**What the task requires**
Retype each line below precisely and omit all images.

··· Data to examine

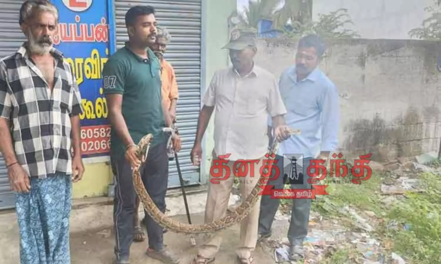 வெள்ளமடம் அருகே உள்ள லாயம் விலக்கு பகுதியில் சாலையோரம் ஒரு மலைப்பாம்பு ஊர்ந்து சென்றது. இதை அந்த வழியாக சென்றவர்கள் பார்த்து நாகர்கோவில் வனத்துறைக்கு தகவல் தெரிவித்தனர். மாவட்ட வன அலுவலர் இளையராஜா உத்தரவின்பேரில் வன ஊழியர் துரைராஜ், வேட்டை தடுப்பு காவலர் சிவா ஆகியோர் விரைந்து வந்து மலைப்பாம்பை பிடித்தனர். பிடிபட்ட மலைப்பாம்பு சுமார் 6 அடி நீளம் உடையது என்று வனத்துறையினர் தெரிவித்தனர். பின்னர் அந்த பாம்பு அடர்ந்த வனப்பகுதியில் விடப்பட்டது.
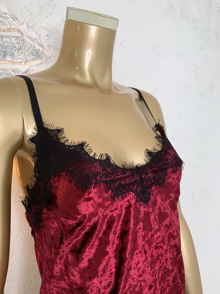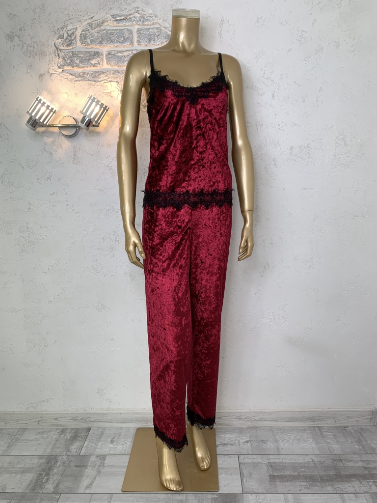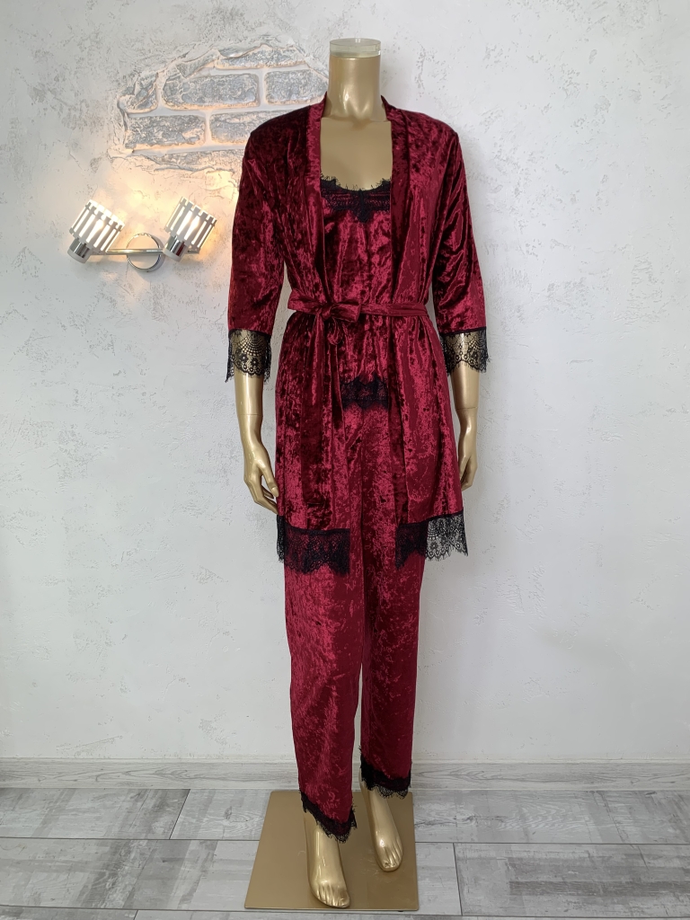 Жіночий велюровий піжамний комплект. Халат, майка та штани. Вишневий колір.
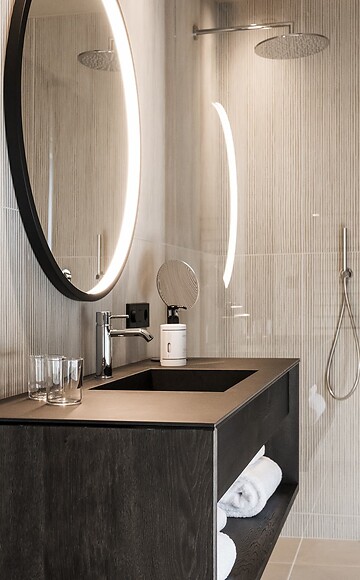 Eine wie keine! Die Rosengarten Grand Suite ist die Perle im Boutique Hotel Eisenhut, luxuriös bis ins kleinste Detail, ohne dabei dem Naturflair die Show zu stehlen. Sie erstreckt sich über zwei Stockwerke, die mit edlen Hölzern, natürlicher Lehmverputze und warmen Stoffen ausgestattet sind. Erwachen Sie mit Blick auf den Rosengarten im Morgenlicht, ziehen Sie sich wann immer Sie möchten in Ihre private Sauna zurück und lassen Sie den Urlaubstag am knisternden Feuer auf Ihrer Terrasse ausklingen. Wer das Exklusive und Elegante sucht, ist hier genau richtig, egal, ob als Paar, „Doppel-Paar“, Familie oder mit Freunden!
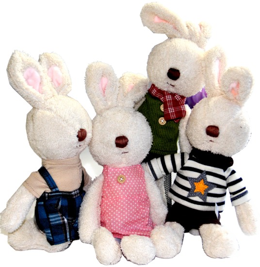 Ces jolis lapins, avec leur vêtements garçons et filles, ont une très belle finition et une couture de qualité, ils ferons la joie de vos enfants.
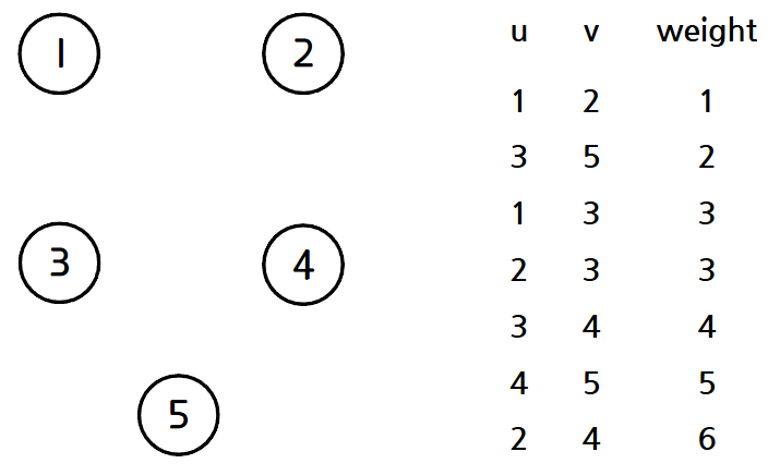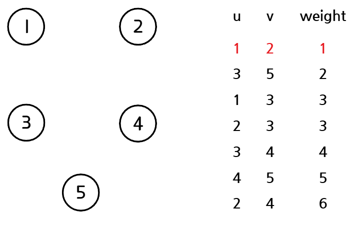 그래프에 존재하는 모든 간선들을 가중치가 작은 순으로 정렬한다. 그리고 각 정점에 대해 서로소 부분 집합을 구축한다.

······

**Solution to the problem**
 வெள்ளமடம் அருகே உள்ள லாயம் விலக்கு பகுதியில் சாலையோரம் ஒரு மலைப்பாம்பு ஊர்ந்து சென்றது. இதை அந்த வழியாக சென்றவர்கள் பார்த்து நாகர்கோவில் வனத்துறைக்கு தகவல் தெரிவித்தனர். மாவட்ட வன அலுவலர் இளையராஜா உத்தரவின்பேரில் வன ஊழியர் துரைராஜ், வேட்டை தடுப்பு காவலர் சிவா ஆகியோர் விரைந்து வந்து மலைப்பாம்பை பிடித்தனர். பிடிபட்ட மலைப்பாம்பு சுமார் 6 அடி நீளம் உடையது என்று வனத்துறையினர் தெரிவித்தனர். பின்னர் அந்த பாம்பு அடர்ந்த வனப்பகுதியில் விடப்பட்டது.
 Жіночий велюровий піжамний комплект. Халат, майка та штани. Вишневий колір.
 Eine wie keine! Die Rosengarten Grand Suite ist die Perle im Boutique Hotel Eisenhut, luxuriös bis ins kleinste Detail, ohne dabei dem Naturflair die Show zu stehlen. Sie erstreckt sich über zwei Stockwerke, die mit edlen Hölzern, natürlicher Lehmverputze und warmen Stoffen ausgestattet sind. Erwachen Sie mit Blick auf den Rosengarten im Morgenlicht, ziehen Sie sich wann immer Sie möchten in Ihre private Sauna zurück und lassen Sie den Urlaubstag am knisternden Feuer auf Ihrer Terrasse ausklingen. Wer das Exklusive und Elegante sucht, ist hier genau richtig, egal, ob als Paar, „Doppel-Paar“, Familie oder mit Freunden!
 Ces jolis lapins, avec leur vêtements garçons et filles, ont une très belle finition et une couture de qualité, ils ferons la joie de vos enfants.
 그래프에 존재하는 모든 간선들을 가중치가 작은 순으로 정렬한다. 그리고 각 정점에 대해 서로소 부분 집합을 구축한다.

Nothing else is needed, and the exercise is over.